Trainer¶
Description¶
Handler designed to simplify the process of model training for the user by eliminating the need to manually prescribe a sequence of actions. It is a kind of a wrapper function around the operations on data.
Info
In handlers, depending on the location of the data, splitting can be performed in the following ways:
- data is placed on the disk: first, data is split into macrobatches - blocks that are entirely placed in the GPU, whereafter the macrobatch is split into smaller batches, which are then fed directly to the model input;
- data has already been placed in the GPU: it is split into batches, which are then fed directly to the input of the model.
Initializing¶
def __init__(self, mod, cost, optimizer, onBatchFinish=None, batchsize=128):
Parameters
Parameter | Allowed types | Description | Default |
---|---|---|---|
mod | Module | Trainable neural network | - |
cost | Cost | Target function | - |
optimizer | Optimizer | Model optimizer | - |
onBatchFinish | callable | Function that will be called upon completion of processing of a batch of data | None |
batchsize | int | Size of a data batch | 128 |
Explanations
-
Methods¶
All the basic methods of handlers can be found in the documentation for the parent class Handler.
trainFromHost
¶
def trainFromHost(self, data, target, macroBatchSize=10000, onMacroBatchFinish=None, random=True):
Functionality
Wrapper function around the handleFromHost() method of the Handler parent class that takes into account the specifics of the training process: when the method is called, the accumulated error is reset and the model is switched to the training mode (some network layers can behave differently in the training and inference modes).
Parameters
Parameter | Allowed types | Description | Default |
---|---|---|---|
data | tensor | Data tensor | - |
target | tensor | Tensor of data corresponding labels | None |
macroBatchSize | int | Size of a macrobatch.
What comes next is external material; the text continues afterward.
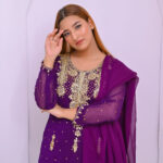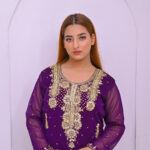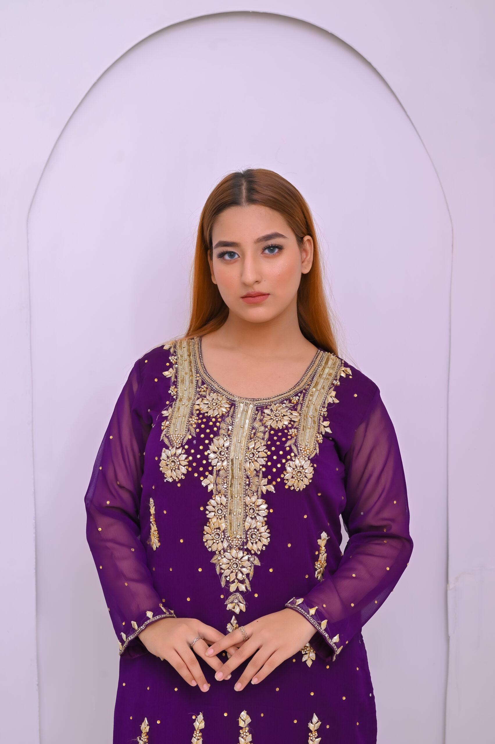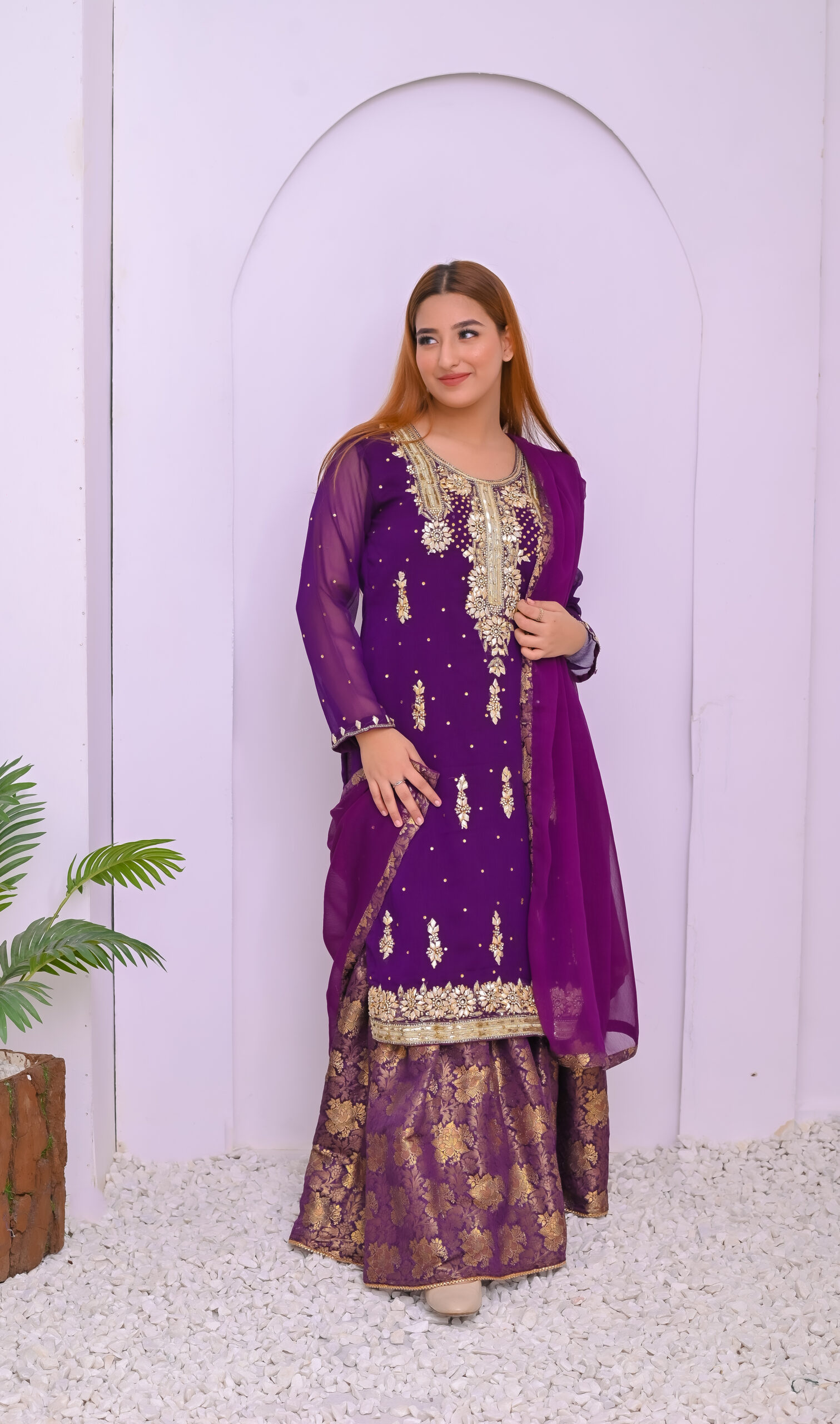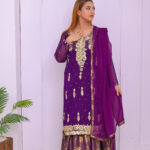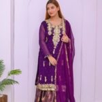A regal ensemble in rich purple, beautifully adorned with intricate zari and tila embroidery. Paired with a luxurious Banarsi farshi garara, perfect for weddings and grand festive occasions

The data will be split into macrobatches sized macrobatchSize | 10000 |
onMacroBatchFinish | callable | Function that will be called after processing the macrobatch | None |
random | bool | Whether the data batches should be shuffled randomly before processing | True |
Explanations
-
train
¶
def train(self, data, target, random=True):
Functionality
Wrapper function around the handle() method of the Handler parent class that takes into account the specifics of the training process: when the method is called, the accumulated error is reset and the model is switched to the training mode (some network layers can behave differently in the training and inference modes).
Parameters
Parameter | Allowed types | Description | Default |
---|---|---|---|
data | GPUArray | Data tensor placed in the GPU | - |
target | GPUArray | Tensor of data corresponding labels, placed in the GPU | None |
random | bool | Whether the data batches should be shuffled randomly before processing | True |
Explanations
-
handleBatch
¶
def handleBatch(self, batch, idx, state):
Functionality
Root method of the training handler. It calculates the gradient of the error function on the transmitted batch and propagates the error back, after which it starts the process of updating the model weights by the optimizer.
Parameters
Parameter | Allowed types | Description | Default |
---|---|---|---|
batch | list | List of two elements: [data, target] |
- |
idx | int | Index number of the data batch | - |
state | dict | Dictionary containing information about the state of data processing | - |
Explanations
-